┌─ Records to process

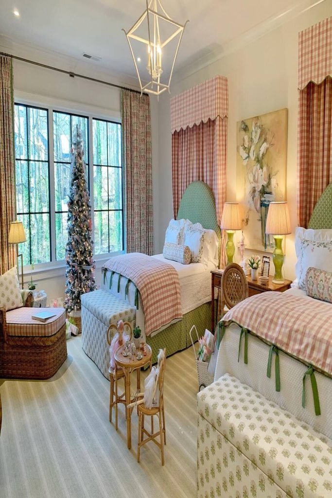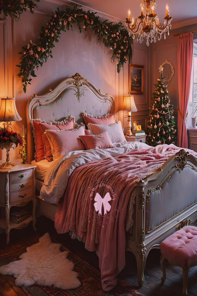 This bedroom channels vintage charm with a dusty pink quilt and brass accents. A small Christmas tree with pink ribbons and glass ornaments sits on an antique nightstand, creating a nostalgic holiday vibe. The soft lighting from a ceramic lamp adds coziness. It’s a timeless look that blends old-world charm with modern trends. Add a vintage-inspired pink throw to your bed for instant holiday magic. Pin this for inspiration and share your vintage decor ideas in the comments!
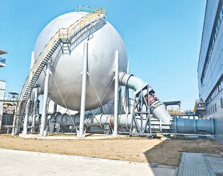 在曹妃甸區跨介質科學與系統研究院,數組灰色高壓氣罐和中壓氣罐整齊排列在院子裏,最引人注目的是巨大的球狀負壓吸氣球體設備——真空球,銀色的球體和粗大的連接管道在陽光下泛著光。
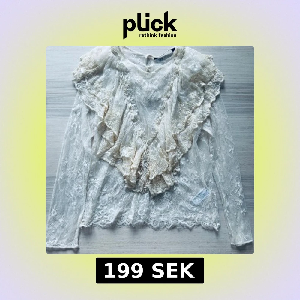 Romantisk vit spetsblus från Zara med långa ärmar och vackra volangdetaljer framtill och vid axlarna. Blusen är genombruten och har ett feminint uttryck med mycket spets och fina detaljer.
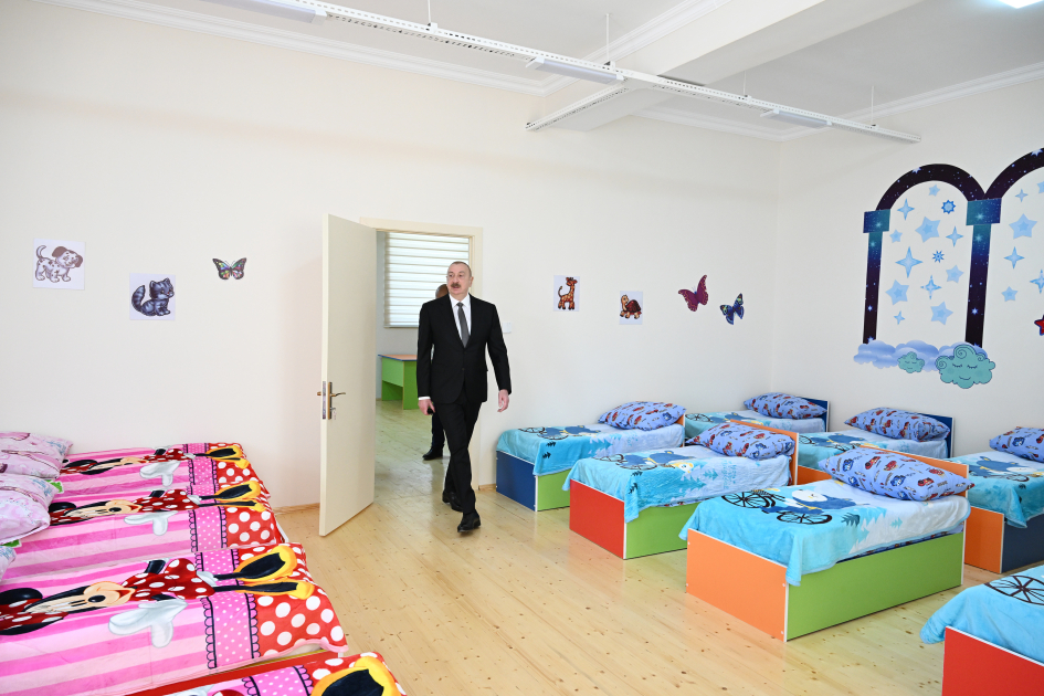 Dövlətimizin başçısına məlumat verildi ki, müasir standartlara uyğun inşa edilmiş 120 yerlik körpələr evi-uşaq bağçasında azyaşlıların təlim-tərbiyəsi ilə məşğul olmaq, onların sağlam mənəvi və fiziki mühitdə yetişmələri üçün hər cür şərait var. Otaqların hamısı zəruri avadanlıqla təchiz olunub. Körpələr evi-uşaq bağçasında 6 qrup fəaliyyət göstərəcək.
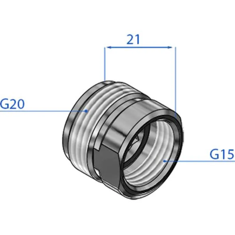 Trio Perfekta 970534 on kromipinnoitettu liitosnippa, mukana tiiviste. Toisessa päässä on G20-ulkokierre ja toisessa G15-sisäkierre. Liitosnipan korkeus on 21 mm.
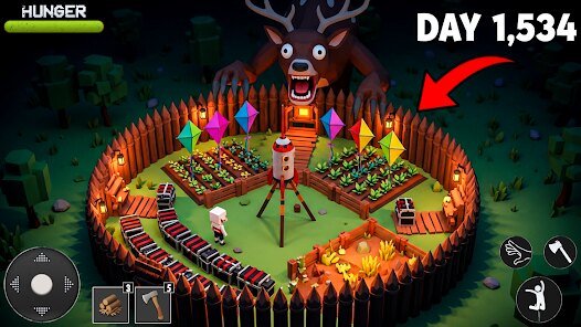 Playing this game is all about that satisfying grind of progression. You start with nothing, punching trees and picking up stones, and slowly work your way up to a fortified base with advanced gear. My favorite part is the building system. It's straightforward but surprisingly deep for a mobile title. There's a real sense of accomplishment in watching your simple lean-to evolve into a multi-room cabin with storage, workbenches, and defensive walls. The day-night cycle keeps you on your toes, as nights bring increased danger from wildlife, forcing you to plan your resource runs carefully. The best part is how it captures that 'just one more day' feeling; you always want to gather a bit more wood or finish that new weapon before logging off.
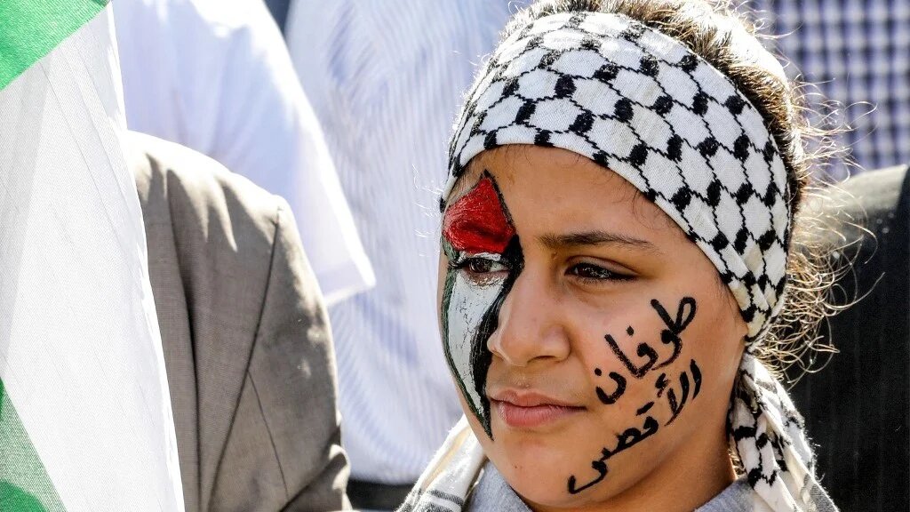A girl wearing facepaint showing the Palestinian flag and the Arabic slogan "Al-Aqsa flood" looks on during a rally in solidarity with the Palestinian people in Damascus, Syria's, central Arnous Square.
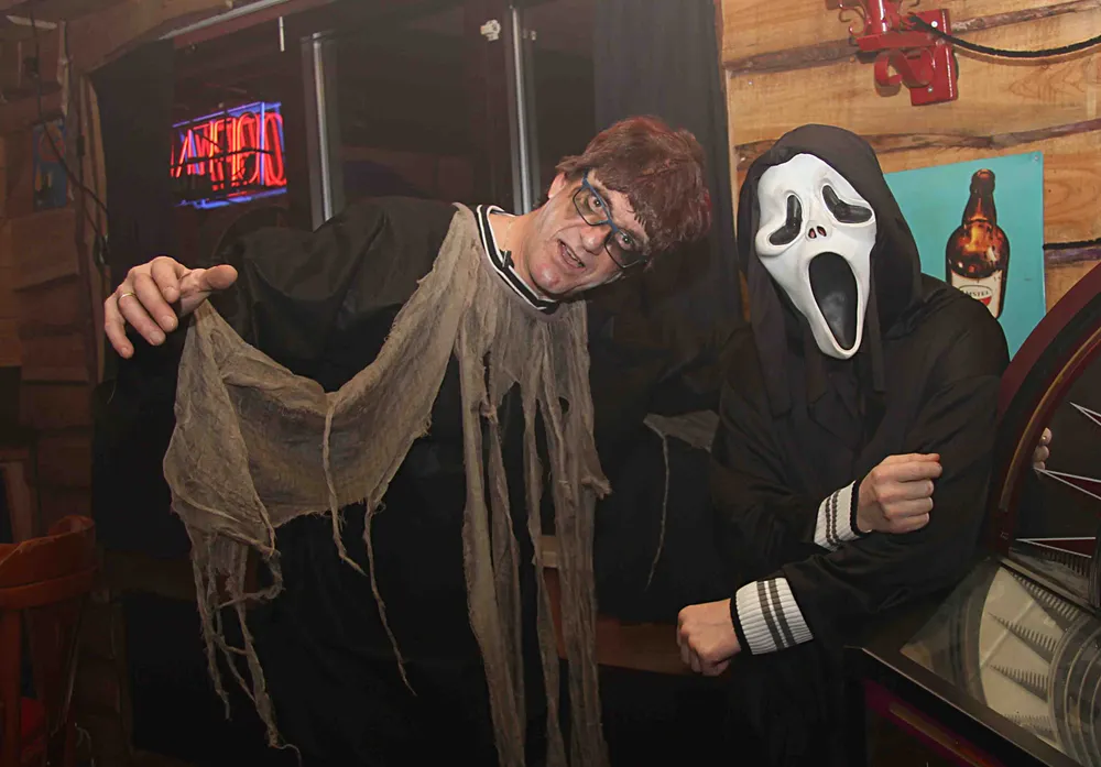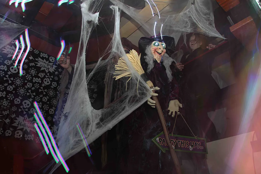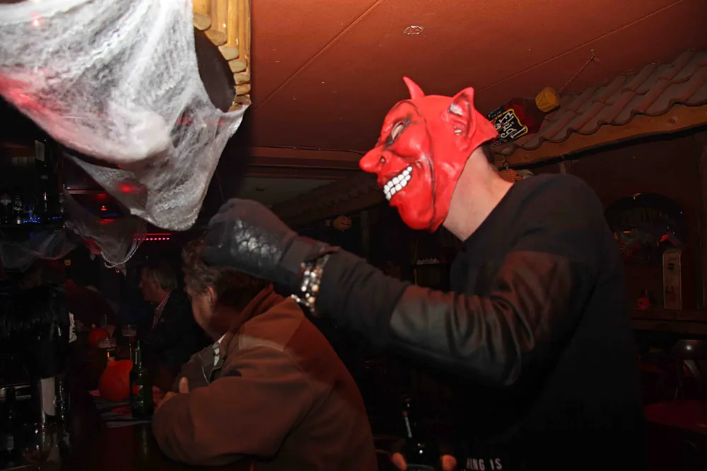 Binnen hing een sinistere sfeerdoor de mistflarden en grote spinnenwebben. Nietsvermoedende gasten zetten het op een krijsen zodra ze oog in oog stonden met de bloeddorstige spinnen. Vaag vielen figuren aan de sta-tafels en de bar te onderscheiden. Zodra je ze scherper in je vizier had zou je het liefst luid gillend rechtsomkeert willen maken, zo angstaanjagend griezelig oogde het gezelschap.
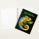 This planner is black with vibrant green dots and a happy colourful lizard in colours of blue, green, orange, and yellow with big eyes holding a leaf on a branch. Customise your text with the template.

└─
┌─ Records to process

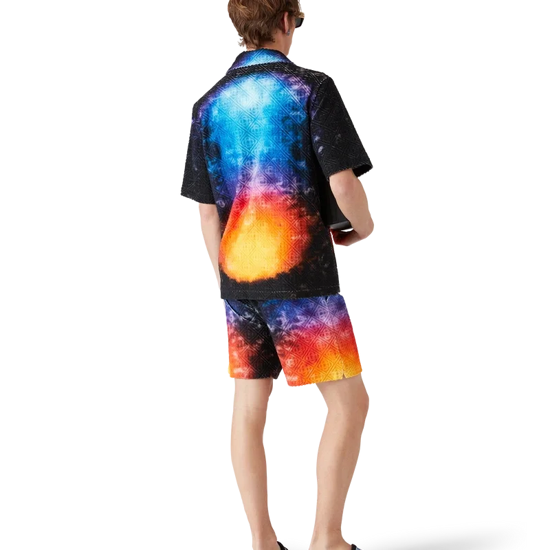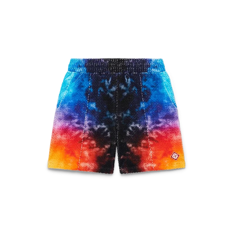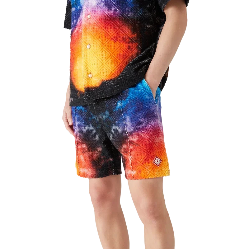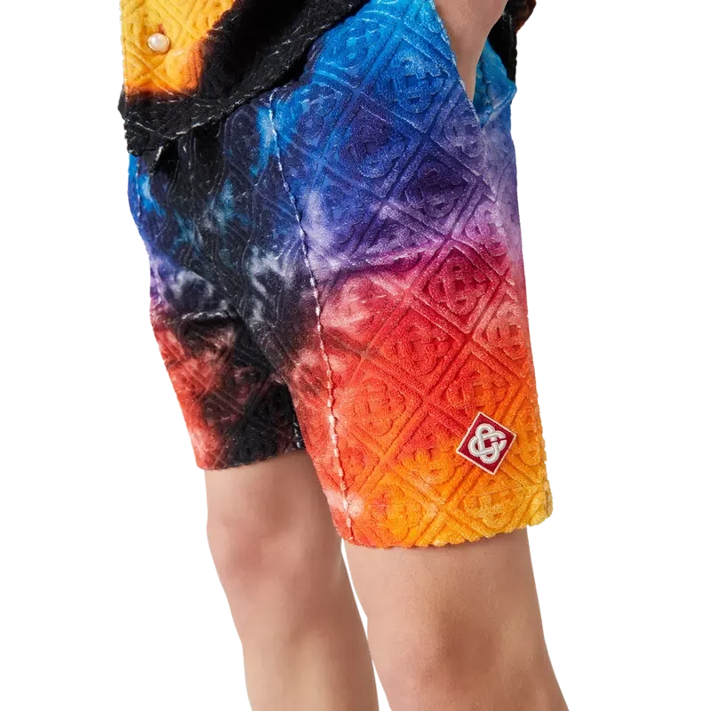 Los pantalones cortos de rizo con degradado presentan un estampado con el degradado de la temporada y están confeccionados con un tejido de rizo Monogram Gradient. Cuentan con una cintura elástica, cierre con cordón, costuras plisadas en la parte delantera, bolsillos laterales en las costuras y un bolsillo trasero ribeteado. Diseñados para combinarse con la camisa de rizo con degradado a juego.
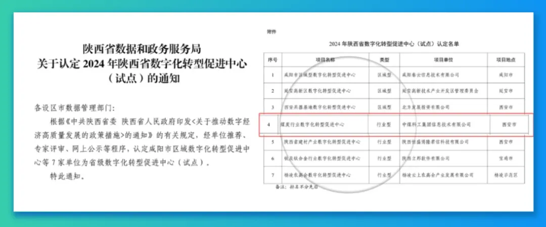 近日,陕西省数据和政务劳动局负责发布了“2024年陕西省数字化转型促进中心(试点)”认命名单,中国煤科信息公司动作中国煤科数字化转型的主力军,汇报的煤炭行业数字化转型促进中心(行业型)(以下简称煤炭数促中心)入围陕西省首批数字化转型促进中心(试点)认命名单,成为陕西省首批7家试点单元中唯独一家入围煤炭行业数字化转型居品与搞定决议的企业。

└─
┌─ Records to process

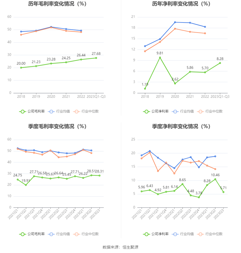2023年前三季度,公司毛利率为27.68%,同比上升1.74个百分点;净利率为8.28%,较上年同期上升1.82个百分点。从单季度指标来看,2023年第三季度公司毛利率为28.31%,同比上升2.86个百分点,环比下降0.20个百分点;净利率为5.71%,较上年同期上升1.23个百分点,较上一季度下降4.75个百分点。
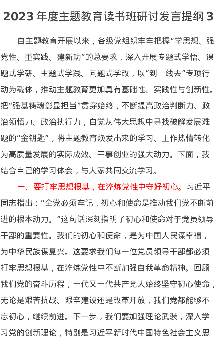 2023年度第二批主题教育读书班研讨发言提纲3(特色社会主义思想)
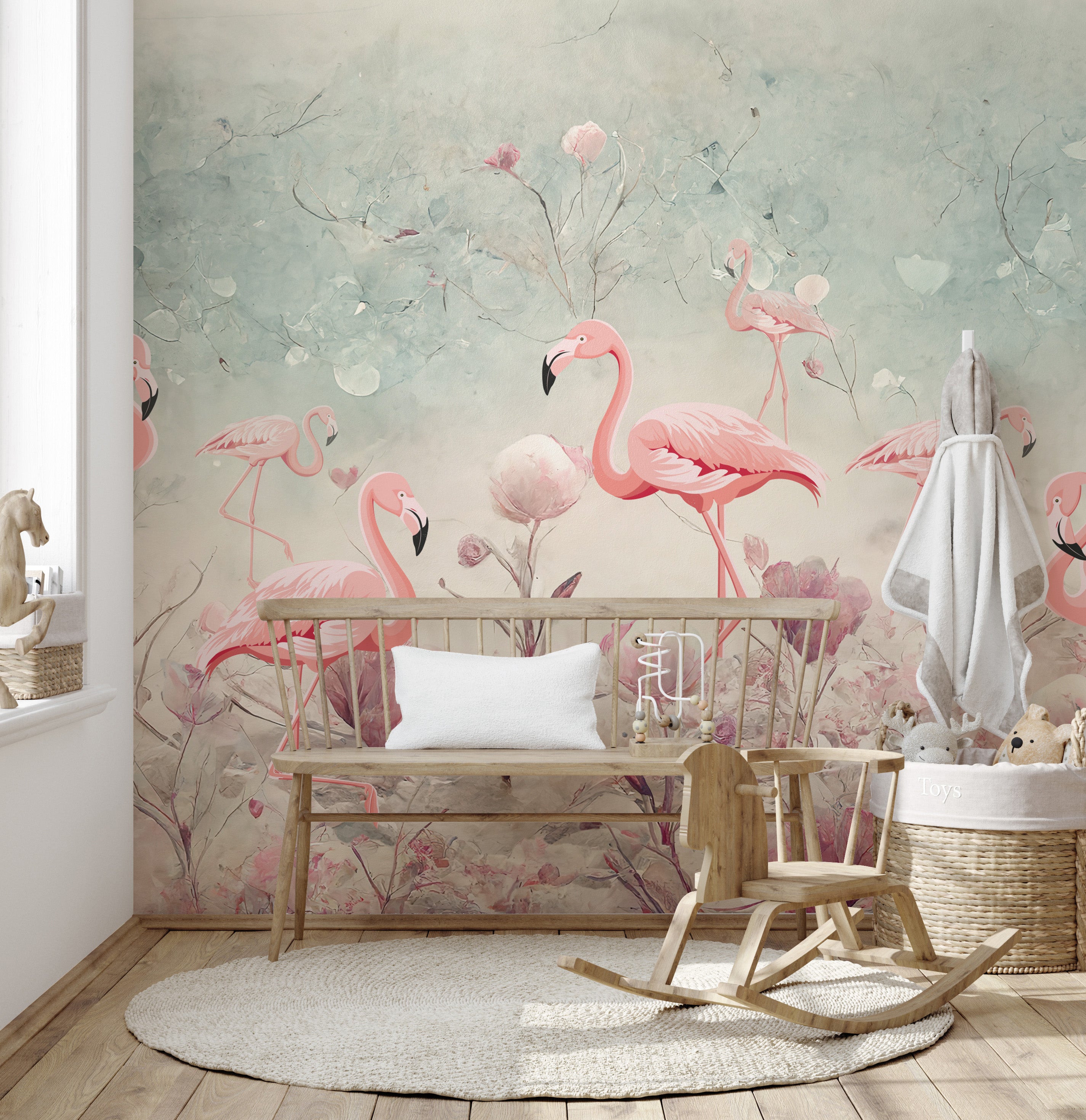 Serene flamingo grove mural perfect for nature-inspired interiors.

└─

## Directions
From the records above, copy exactly the lines starting at the one with "Trio Perfekta 970534" and ending at the one with "Playing this game", and no others. Pictures stay out.

## Result of the exercise
 Trio Perfekta 970534 on kromipinnoitettu liitosnippa, mukana tiiviste. Toisessa päässä on G20-ulkokierre ja toisessa G15-sisäkierre. Liitosnipan korkeus on 21 mm.
 Playing this game is all about that satisfying grind of progression. You start with nothing, punching trees and picking up stones, and slowly work your way up to a fortified base with advanced gear. My favorite part is the building system. It's straightforward but surprisingly deep for a mobile title. There's a real sense of accomplishment in watching your simple lean-to evolve into a multi-room cabin with storage, workbenches, and defensive walls. The day-night cycle keeps you on your toes, as nights bring increased danger from wildlife, forcing you to plan your resource runs carefully. The best part is how it captures that 'just one more day' feeling; you always want to gather a bit more wood or finish that new weapon before logging off.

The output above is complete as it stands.